Although technology introduced a plenty of liberties and rights for humankind, which are protected by democracy, it resulted in a much deeper disciplinary mechanism that leads to censorship. To put this in other terms, in Medieval Times, writers, thinkers whose text defied the authority of King or Catholic Church were jailed, tortured and condemned to the stake. The power of coaction emanating from Prince exerted violence as an efficient instrument of dissuasion, circumscribing the Leviathan’s whims. The dissemination of books was limited to those authors who were conducive to status quo. In this respect, the power was endorsed by the capacity of prince to create terror in others. Rather, in postmodern times, censorship is preferably achieved by over-production without limits and no matter whom or under what theme the writer focuses on. For example, once we key in Google the name Karl Marx or Max Weber we will get thousands of records of different studies containing or citing both scholars. Since our limited mind can only be read part of these records (not all), we only are restricted to have a partial viewpoint of the problem. In the world of consumption, where liberty plays a crucial role in order for consumers to channel their desire in many directions, knowledge is over-produced to cause misunderstanding in readers. The larger the bibliography consulted, less the derived understanding. For those readers who are not specialized in sociology it is almost impossible to understand modernity only accessing to ten or twenty works bought in bookstore. This happens simply because the censorship in postmodern times is based on the liberty administered by technology to produce without order in many directions. Conducive to mass-consumption, freedom and democracy delineate the contours of societal order making the produced commodities affordable to consumers, but in so doing opens the doors for an atmosphere of conflict and discontent as never before.

Key Terms in this Chapter

Globalization: Refers to a cultural project of integration of economies and networks which leads to multiculturalism and interchange of worldviews.

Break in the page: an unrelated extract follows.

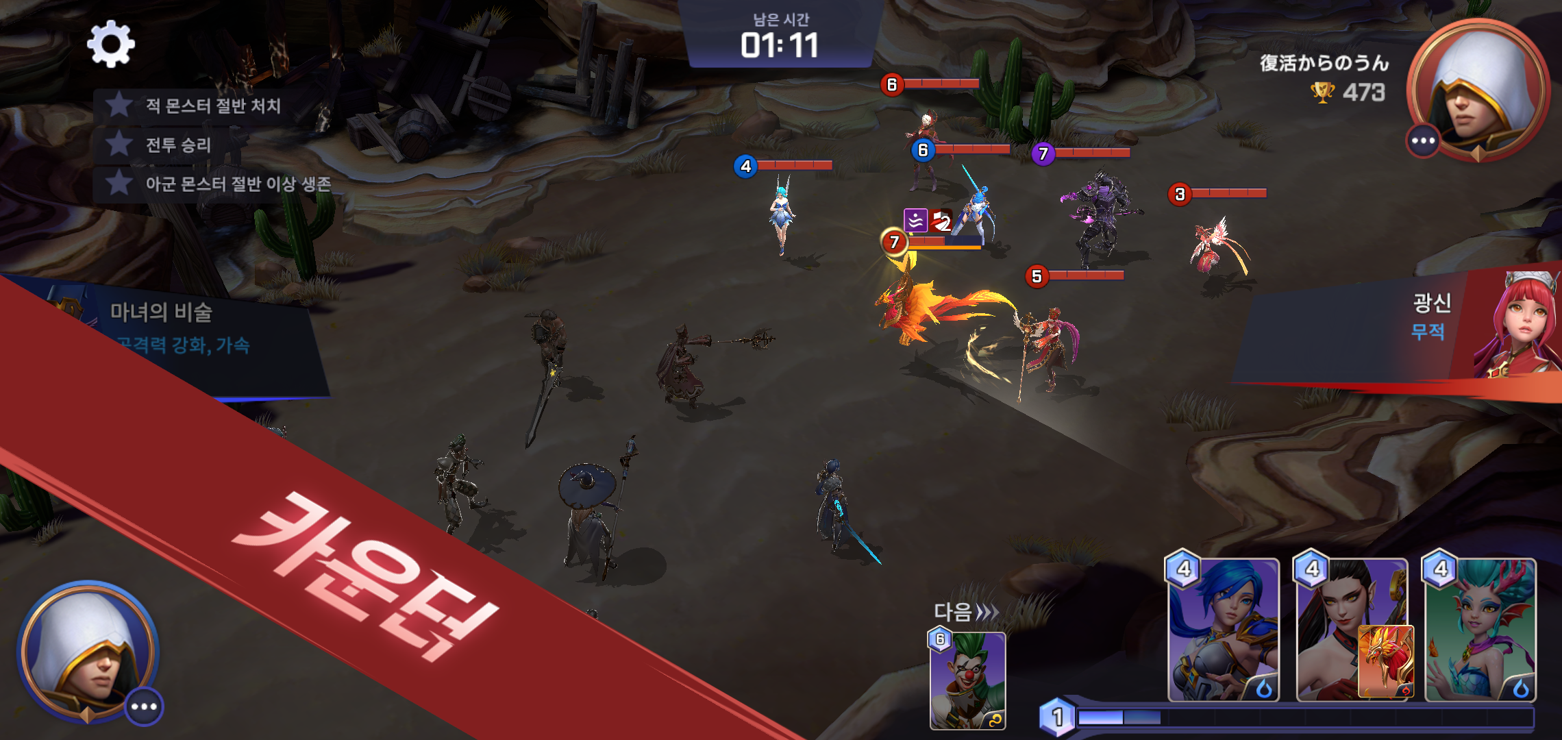 특히 연적의 한방으로 불리는 카운터 스킬은 한 번의 공격으로 역전을 노릴 수 있는 부분으로 서머너즈 워: 백년전쟁 전략의 중요한 요소입니다. 사실 타이밍에 맞춰 날려주는 카운터 만큼 속시원한게 없는데요, 상대에게 날릴 때는 한판승부를 기대할 수 있기도 하지만, 막상 당하는 입장이 되면 왠지 모를 아쉬움이 생기게 되더군요.

Thana-Capitalism: This represents a new term just coined in this manuscript where death situates as the main commodity of good exchange process and current economic systems. Thana capitalism replaced risk society after 9/11.

Censorship: It means the suppression of free speech rights or any right to express own ideas.

Risk Society: The ways a society reacts against the rise of risks. Risk society alludes to the needs of forecasting future to prevent potential threats that may affects societal order.

Digital Surveillance: The use of digital technology to control others, citizens and the life of a nation.